Судя по тому, с какой поспешностью они принялись за рубку, им было наказано времени зря не терять, и та торопливость, с которой они стали кромсать богатую пушным зверем тайгу, могла означать одно: не все так уж и ладно у Рогачева с документами на порубку кедра, как хотелось бы ему представить. И это вселяло в Грязнова хоть и небольшую, но все-таки надежду.
Надрывный визг цепей, с силой вгрызающихся в неподатливую древесину, они услышали сразу же, как только вездеходы проскочили Кедровый ручей, и взобравшись на пологую невысокую сопку, под которой расстилалась Кедровая падь, замерли неподвижно с выключенными моторами. Кто-то попробовал было пошутить по поводу того, что в гражданскую войну, мол, вот так же боровские мужики друг на дружку с карабинами ходили, но тут же замолчал под пристальным взглядом Крылова. Сейчас каждый и этих охотников понимал, что заряженный карабин в руках – это не только для острастки. И уловив это напряжение, Грязнов, пожалуй, только сейчас по-настоящему осознал, какую ответственность взвалил на себя, подняв вооруженных охотников против творившегося здесь произвола. Однако идти на попятную было уже поздно. Да и не мог он себе позволить подобного.
Приказав водителям оставаться возле вездеходов, с остальными мужиками стал спускаться в падь. И чем ближе они подходили к разработанному участку, тем пронзительнее становился надрывно-натужный визг цепей. Этому визгу, казалось, не будет конца, как вдруг где-то совсем рядом и чуть впереди, натужно и почти по-человечески охнув разорванной древесиной, рухнул сначала один великан, за ним – другой. И все это – с пронзительно горьким хрустом ломающегося на корню подроста.
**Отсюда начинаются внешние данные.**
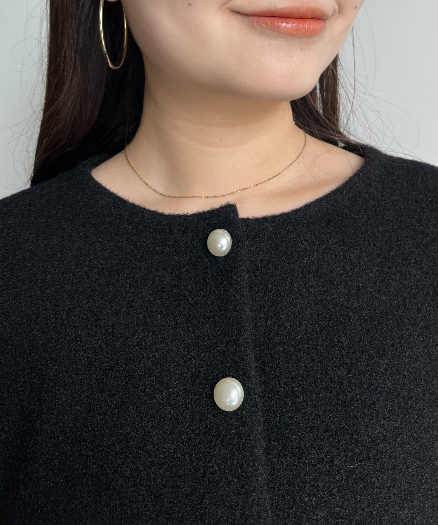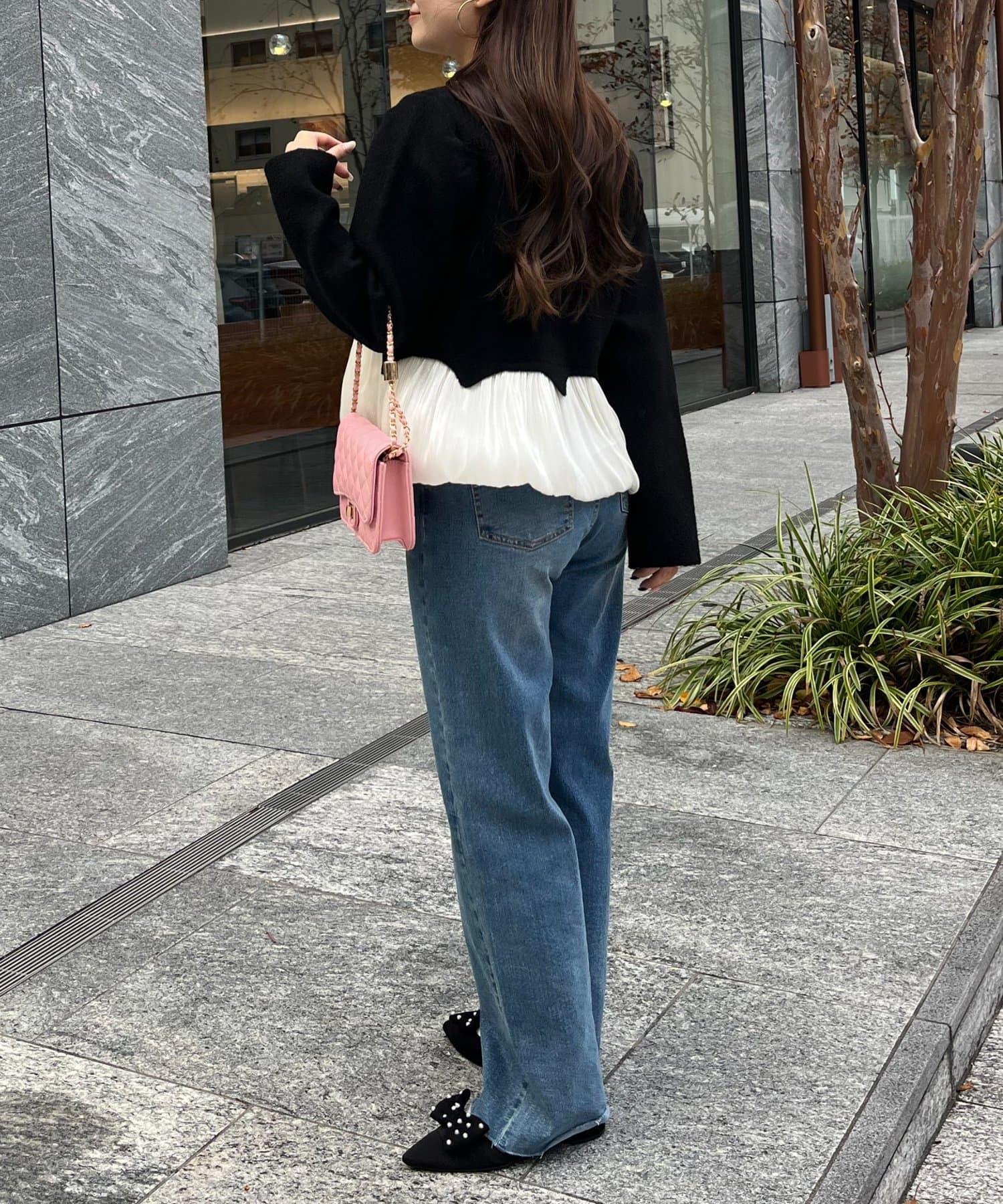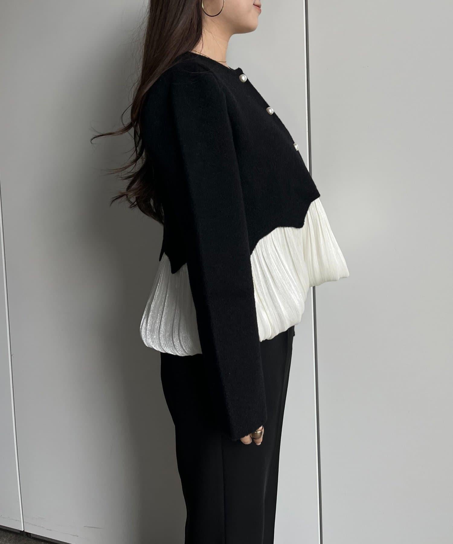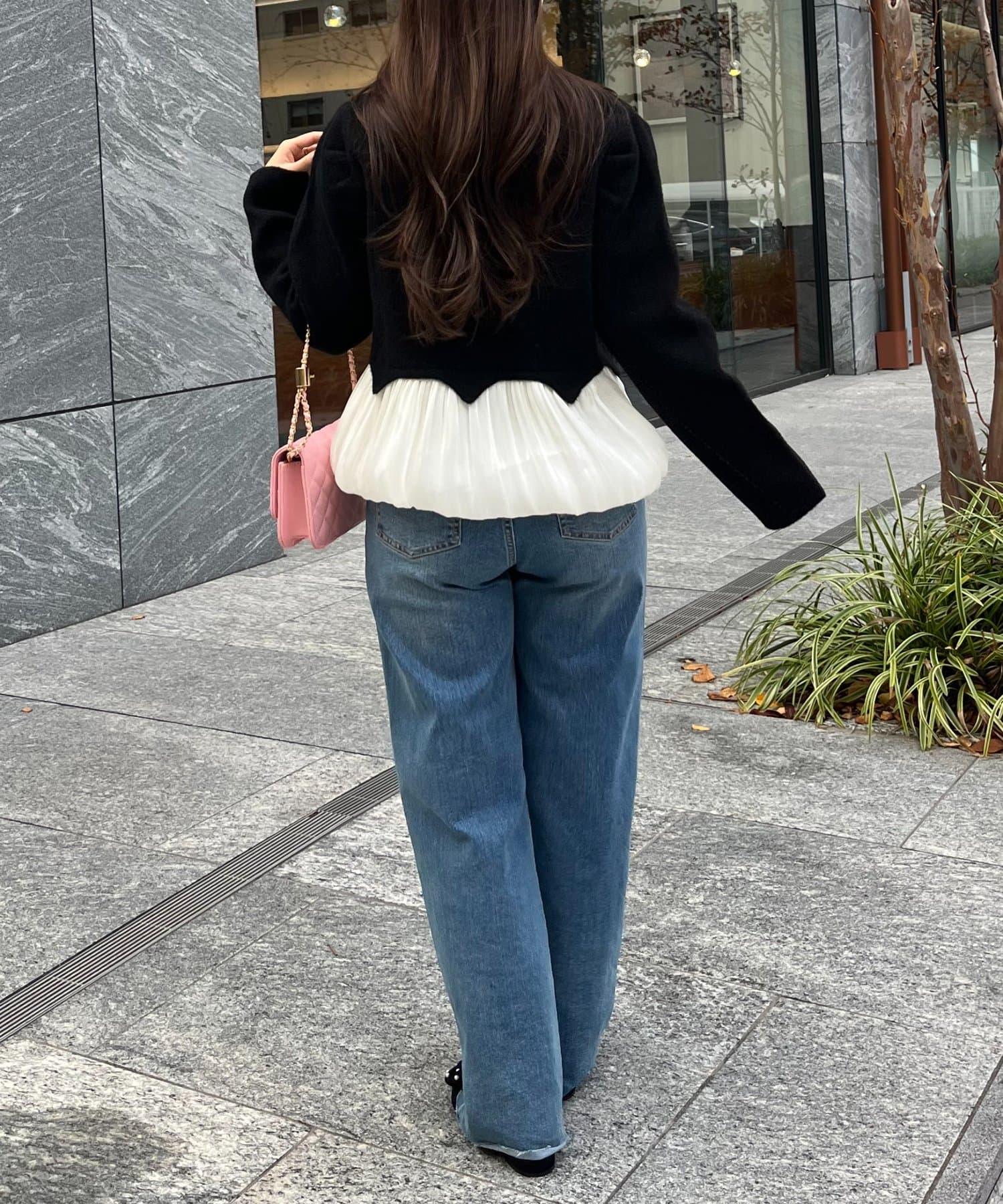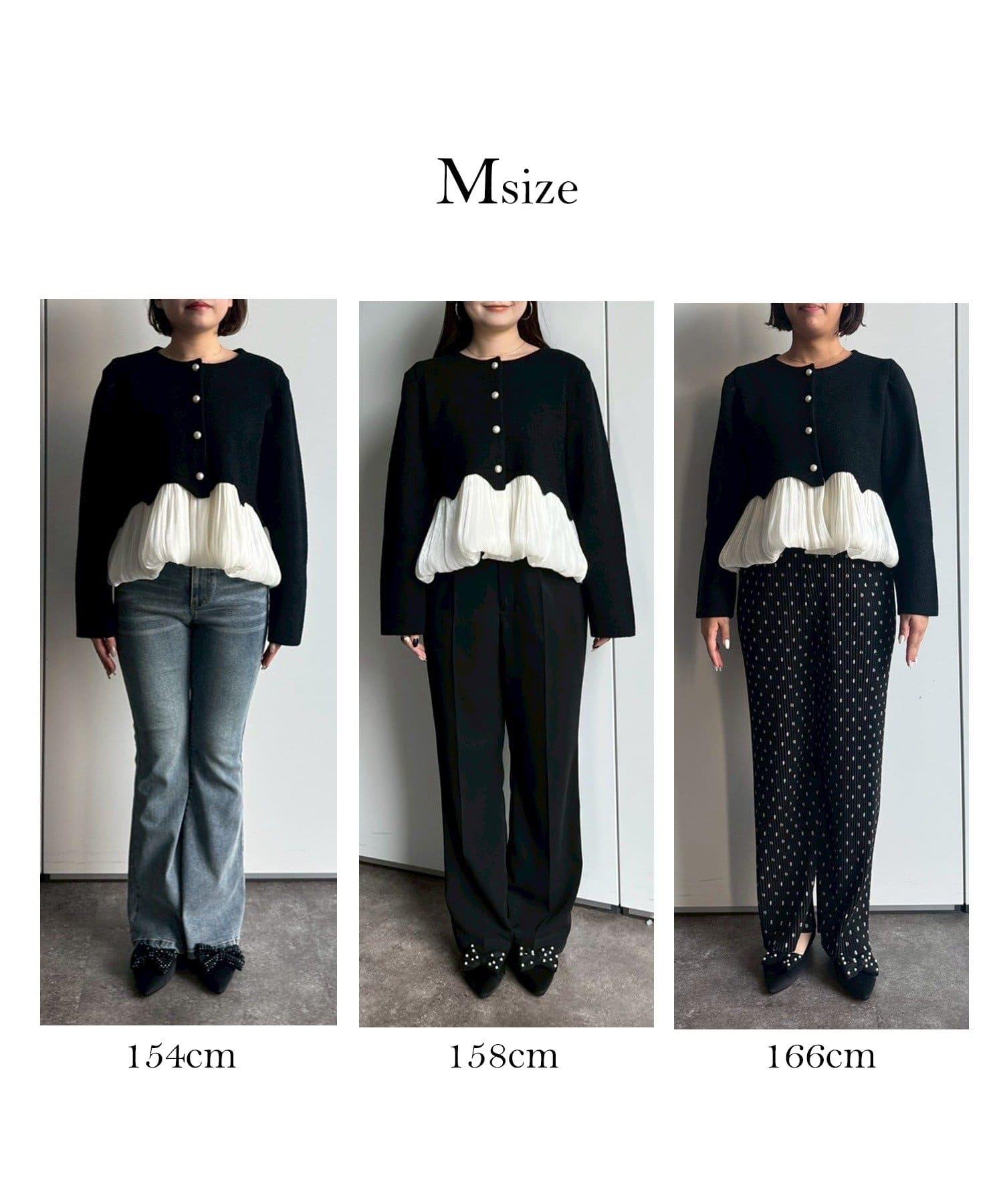 下襬氣球珍珠紐扣拼接荷葉邊針織衫
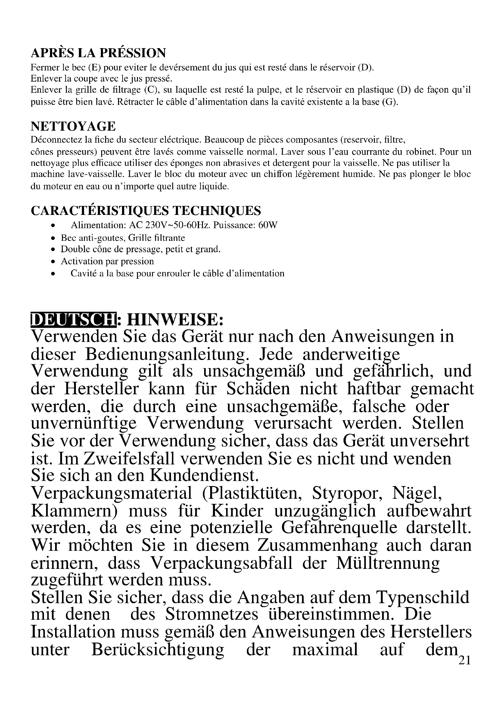 DEUTSCH: HINWEISE: Verwenden Sie das Gerät nur nach den Anweisungen in dieser Bedienungsanleitung. Jede anderweitige Verwendung gilt als unsachgemäß und gefährlich, und der Hersteller kann für Schäden nicht haftbar gemacht werden, die durch eine unsachgemäße, falsche oder unvernünftige Verwendung verursacht werden. Stellen Sie vor der Verwendung sicher, dass das Gerät unversehrt ist. Im Zweifelsfall verwenden Sie es nicht und wenden Sie sich an den Kundendienst. Verpackungsmaterial (Plastiktüten, Styropor, Nägel, Klammern) muss für Kinder unzugänglich aufbewahrt werden, da es eine potenzielle Gefahrenquelle darstellt. Wir möchten Sie in diesem Zusammenhang auch daran erinnern, dass Verpackungsabfall der Mülltrennung zugeführt werden muss. Stellen Sie sicher, dass die Angaben auf dem Typenschild mit denen des Stromnetzes übereinstimmen. Die Installation muss gemäß den Anweisungen des Herstellers unter Berücksichtigung der maximal auf dem22 Typenschild angegeben Leistung erfolgen. Eine unsachgemäße Installation kann zu Verletzungen von Personen, Tieren oder zu Sachschäden führen, für die der Hersteller nicht haftbar gemacht werden kann. Wenn Adapter, Mehrfachsteckdosen und Verlängerungskabel erforderlich sind, verwenden Sie nur solche, die die geltenden Sicherheitsstandards erfüllen. In keinem Fall dürfen die am einfachen Adapter und/oder an den Verlängerungskabeln angegebenen Verbrauchsgrenzen sowie die maximale Leistung überschritten werden, die auf dem Mehrfachadapter angegeben ist. - Verwenden Sie das Netzkabel nicht in der Nähe von scharfen Gegenständen oder heißen Oberflächen und ziehen Sie den Netzstecker nicht am Netzkabel aus der Steckdose. Lassen Sie es nicht von der Arbeitsplatte baumeln, wo ein Kind es halten könnte. Verwenden Sie das Gerät im Falle von Schäden am Netzkabel, Stecker oder im Falle von Kurzschlüssen nicht und lassen Sie es in einer Vertragswerkstatt reparieren. - Setzen Sie das Gerät keinen ungünstigen Wetterbedingungen, wie z. B. Regen, Feuchtigkeit, Frost, aus und bewahren Sie es an einem trockenen Ort auf. Fassen Sie das Gerät nicht mit nassen Händen an und verwenden Sie es nicht barfuß. - Dieses Gerät kann von Kindern ab 8 Jahren und von Personen mit eingeschränkten körperlichen, sensorischen oder geistigen Fähigkeiten oder mangelnder Erfahrung und Kenntnissen verwendet werden, wenn sie beaufsichtigt oder instruiert wurden, um das Gerät sicher zu verwenden und die damit verbundenen Gefahren zu verstehen. Kinder dürfen nicht mit dem Gerät spielen. Reinigung und Benutzerwartung dürfen nicht von Kindern ohne Aufsicht durchgeführt werden.23 - Kinder dürfen nicht mit dem Gerät spielen. - Bewahren Sie das Gerät und sein Netzanschluss außerhalb der Reichweite von Kinder unter 8 Jahren. - Nicht für den gewerblichen Gebrauch bestimmt. Nur für den Hausgebrauch bestimmt. Im Falle eines Defekts und/oder von Fehlfunktionen das Gerät nicht öffnen. Für Reparaturen wenden Sie sich an eine vom Hersteller autorisierte Werkstatt (Vertragswerkstatt) und fordern Sie den Einsatz von Original-Ersatzteilen. Die Nichtbeachtung der obigen Vorschriften kann die Sicherheit beeinträchtigen und zur Folge haben, dass die Garantie erlischt. Dieses Gerät ist nur für den Hausgebrauch oder gleichwertiges bestimmt, in Situationen wie bspw.: Kantinen in kleinen Firmen oder ähnliche Arbeitsumgebungen, von Kunden in Hotels, Motels oder andere Art von touristische Unterkunft, wie ländlicher oder Wohn –Tourismus. Das Gerät darf nicht mit einer Zeitschaltuhr oder mit einem separaten Fernwirksystem betrieben werden Führen Sie vor jedem Gebrauch das Netzkabel aus. Setzen Sie das Produkt keinen Stößen aus, es könnte beschädigt werden. Verwenden Sie nur originale und kompatible Teile und Zubehör. GEBRAUCHSANWEISUNG Waschen Sie beim ersten Mal sorgfältig die Elemente, die mit Lebensmitteln in Berührung kommen: Arm, Filter, Tank für Saft, Schnabel und Presskegel. Prüfen Sie vor dem Anschließen des Geräts, ob die Oberfläche, auf der es aufgestellt ist, stabil und glatt ist. Stellen Sie das Gerät nicht in der Nähe von Wärmequellen auf. Montieren Sie alle Elemente vor der Verwendung richtig. Stellen Sie immer einen Behälter unter den Auslauf, um24 den gegossenen Saft aufzufangen. Verwenden Sie das Gerät nicht länger als 5 Minuten hintereinander, um eine Überhitzung des Motors zu vermeiden. Warten Sie danach mindestens 5 Minuten, bevor Sie es erneut verwenden. Entfernen Sie vor dem Gebrauch des Geräts alle Innen- und Außenverpackungen. Tauchen Sie den Motorblock nicht in Wasser oder andere Flüssigkeiten. Verwenden Sie zum Waschen ein leicht angefeuchtetes Tuch SR54 A) Deckel B) Kleiner und Großer Presskegel C) Filter D) Saftbehälter mit Ausgussschnabel E) Auslaufs F) Motorgehäuse G) Kabelaufwickler Gebrauch - Bevor Einzelteile eingesetzt oder entfernt werden sowie vor der Reinigung des Geräts immer den Stecker aus der Steckdose ziehen, auch wenn das Gerät nicht in Betrieb ist.
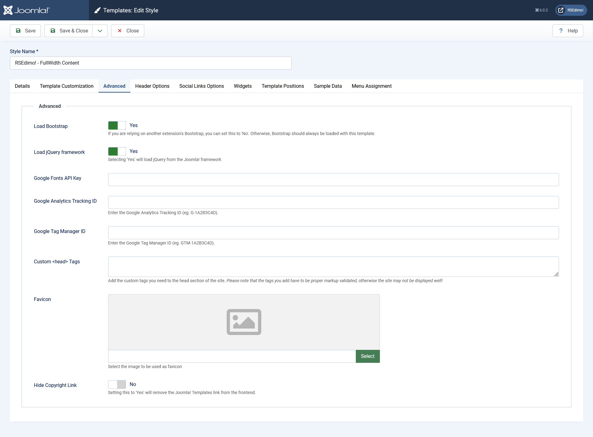 - Load Bootstrap: If you are relying on another extension's Bootstrap, you can set this to No. Otherwise, Bootstrap should always be loaded with this template.
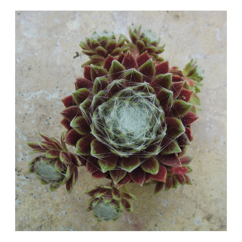 Netřesk pavučinatý. Růžice listů se na slunci zbarvují na rubínově červenou. Listy jsou na koncích pokryty chomáčky chloupků. Mrazuvzdorný a nenáročný na pěstování. Vhodný na skalky, okraje záhonů a do nádob. Expedujeme rostliny: Ø květináče 6,5cm.
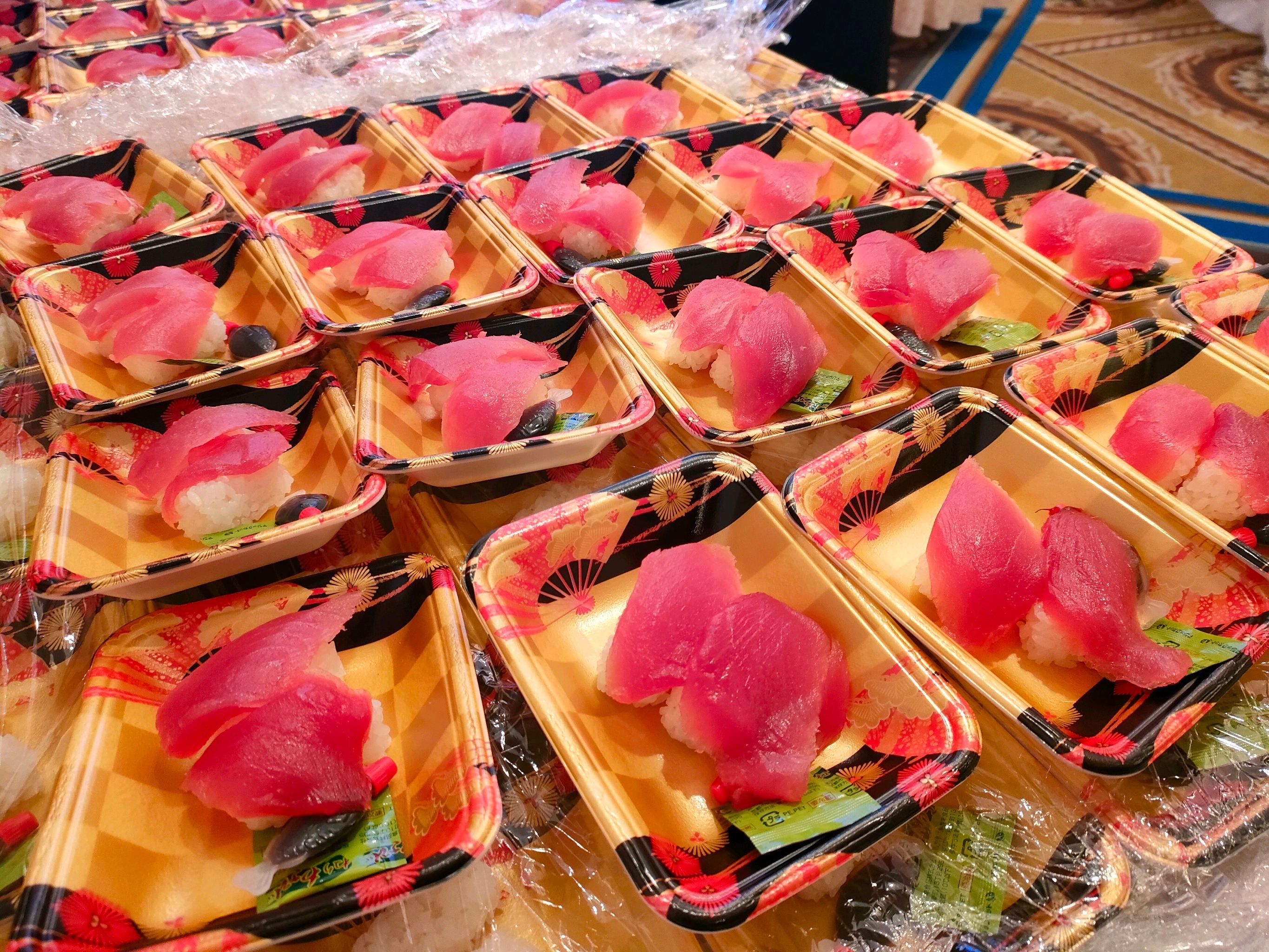 解体されたマグロは、その場でお寿司に。
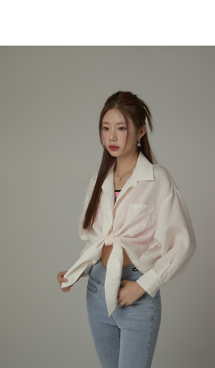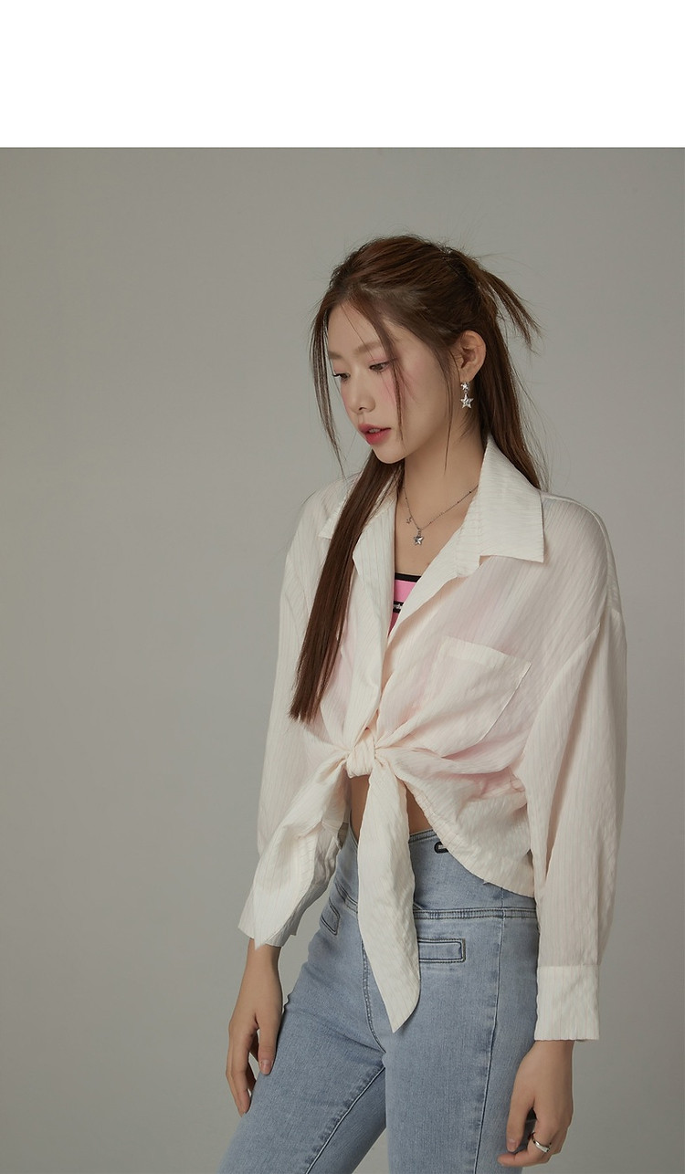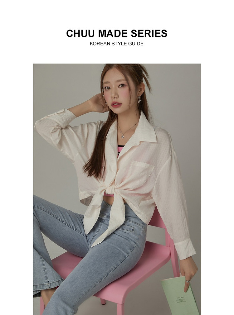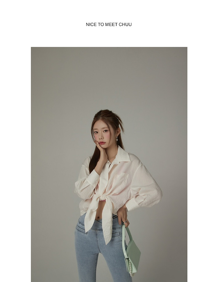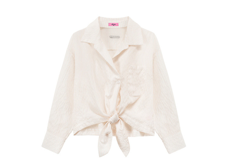 CHUU系带长袖衬衫女士夏小个子宽松短款衬衣上衣 252627

– С-с-суки вербованные! – пробормотал Крылов, и они ускорили шаги. К бригаде вальщиков вышли, когда «дружбист» уже заканчивал основной надрез, а плечистый парень в черной куртке пристраивал поудобнее вырубленную из березы слегу под неохватный в комле кедр, чтобы тот падал в нужную сторону.
Заметив появившихся из зарослей вооруженных людей, вальщик выдернул было полотно цепи из глубокого нареза, но уничтоженный великан, на котором, словно на новогодней елке, висело великое множество шишек, глухо, совсем по-человечески охнул, качнулся, из его нутра послышался смертельный стон разрываемого по живому волокна, и он стал сначала медленно, а потом все быстрее и быстрее заваливаться по склону, пока всей своей массой не рухнул на зеленый подрост.
Едва успев отскочить от подпрыгнувшего, словно футбольный мяч, комля, вальщик аккуратно положил «Дружбу» на землю и, смахнув рукавом пот со лба, хмуро поинтересовался:
– Кто такие?
– Вот же сволота! – то ли удивился, то ли восхитился кто-то из промысловиков, но, уловив брошенный на него предостерегающий взгляд Грязнова, тут же осекся.
– Не понял! – настороженно и все так же хмуро отозвался «дружбист», прицеливаясь оценивающим взглядом на Грязнова, в котором, видимо, сразу же определил начальство.
– Щас поймешь! – с нескрываемой злостью в голосе произнес Крылов, однако Грязнов, понимая, какой кровью может закончиться даже небольшая словесная перепалка, сделал шаг вперед, прикрывая собой невысокого, но охочего до драки промысловика.
– Главный охотовед Пятигорья Грязнов, – как можно спокойнее представился он и тут же повысил голос: – На каком основании проводите порубку?
Вальщик покосился на двух довольно внушительного вида парней, руки которых синели от наколок, и его лицо исказила вызывающая ухмылка.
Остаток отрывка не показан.